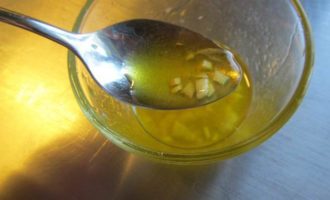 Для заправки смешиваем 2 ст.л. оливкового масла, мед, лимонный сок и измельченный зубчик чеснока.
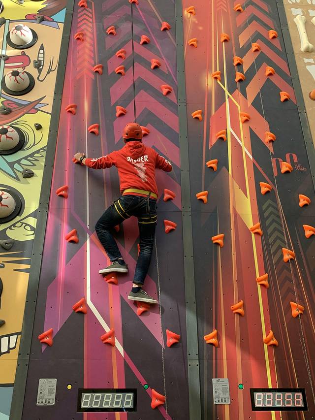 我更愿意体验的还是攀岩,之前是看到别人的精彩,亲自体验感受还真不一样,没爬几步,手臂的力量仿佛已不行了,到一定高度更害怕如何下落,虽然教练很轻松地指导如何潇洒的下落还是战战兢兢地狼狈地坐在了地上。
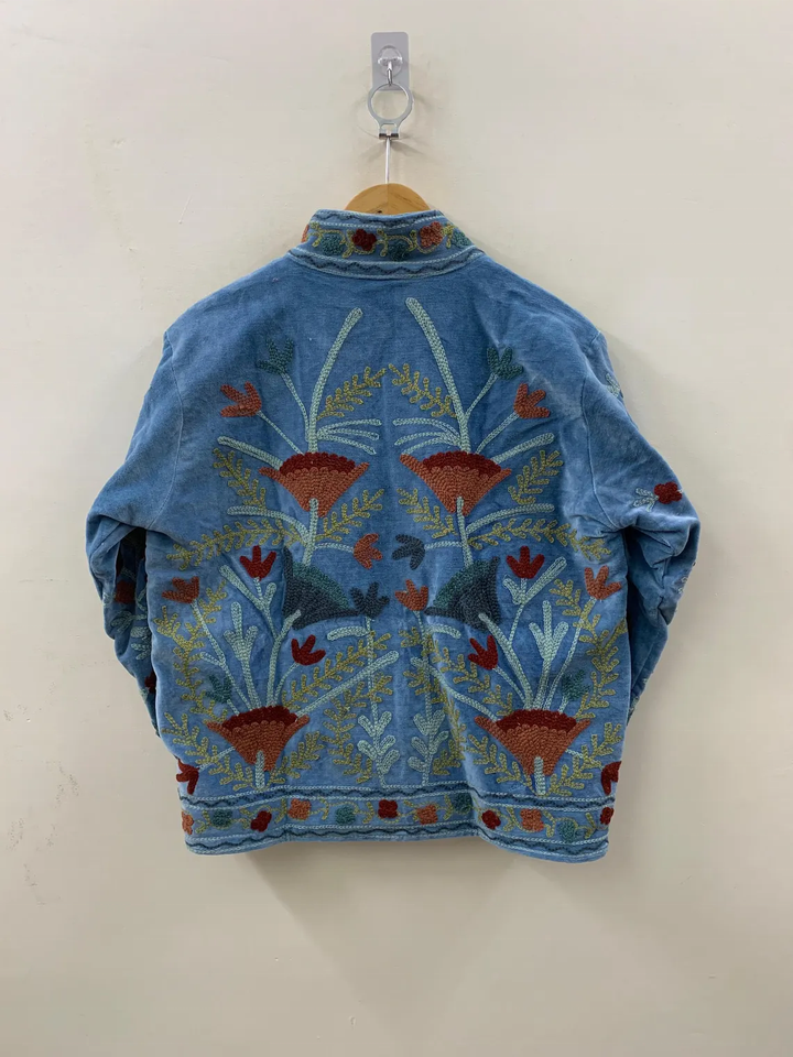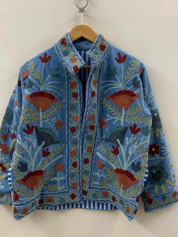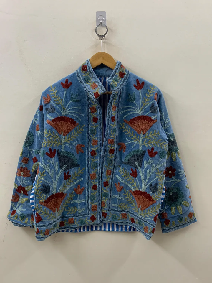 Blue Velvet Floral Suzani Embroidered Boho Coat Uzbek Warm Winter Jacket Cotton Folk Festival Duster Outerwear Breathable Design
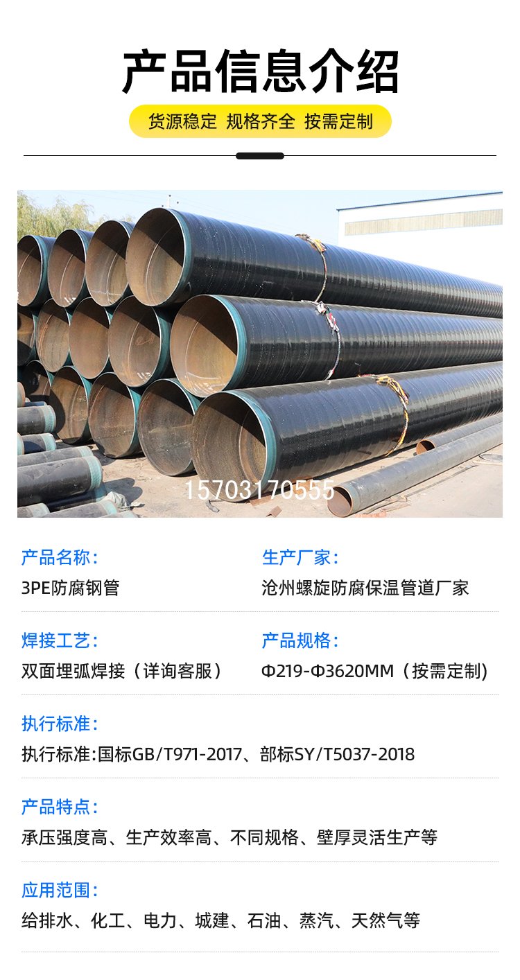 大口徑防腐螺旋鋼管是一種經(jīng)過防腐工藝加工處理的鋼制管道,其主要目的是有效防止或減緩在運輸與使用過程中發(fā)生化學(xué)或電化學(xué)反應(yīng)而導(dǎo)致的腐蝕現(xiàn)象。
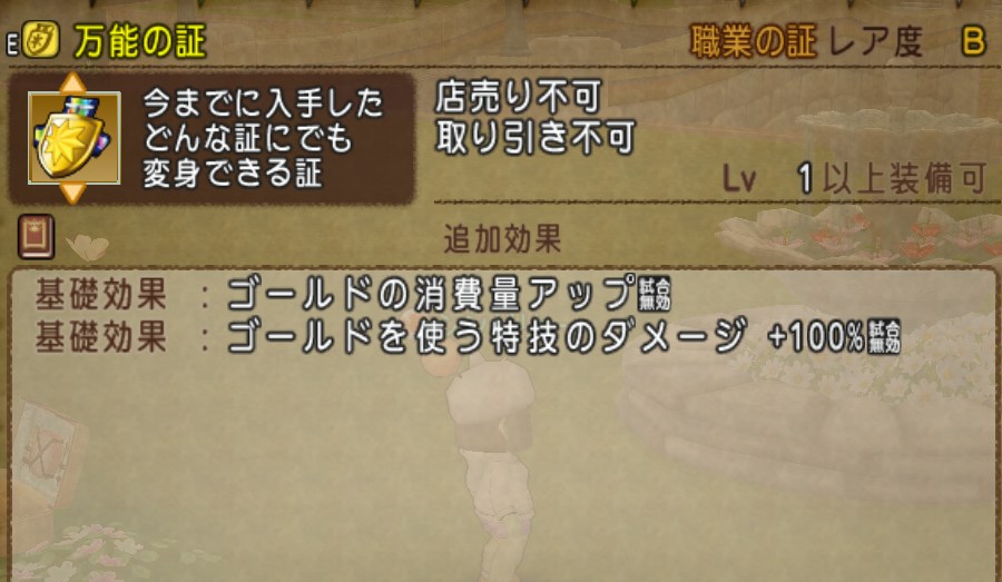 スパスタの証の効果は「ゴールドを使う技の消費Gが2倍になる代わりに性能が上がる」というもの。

━━━━━━━━

Work instruction »
Pictures should be left out when the records above are restated exactly.

Answer space »
 Для заправки смешиваем 2 ст.л. оливкового масла, мед, лимонный сок и измельченный зубчик чеснока.
 我更愿意体验的还是攀岩,之前是看到别人的精彩,亲自体验感受还真不一样,没爬几步,手臂的力量仿佛已不行了,到一定高度更害怕如何下落,虽然教练很轻松地指导如何潇洒的下落还是战战兢兢地狼狈地坐在了地上。
 Blue Velvet Floral Suzani Embroidered Boho Coat Uzbek Warm Winter Jacket Cotton Folk Festival Duster Outerwear Breathable Design
 大口徑防腐螺旋鋼管是一種經(jīng)過防腐工藝加工處理的鋼制管道,其主要目的是有效防止或減緩在運輸與使用過程中發(fā)生化學(xué)或電化學(xué)反應(yīng)而導(dǎo)致的腐蝕現(xiàn)象。
 スパスタの証の効果は「ゴールドを使う技の消費Gが2倍になる代わりに性能が上がる」というもの。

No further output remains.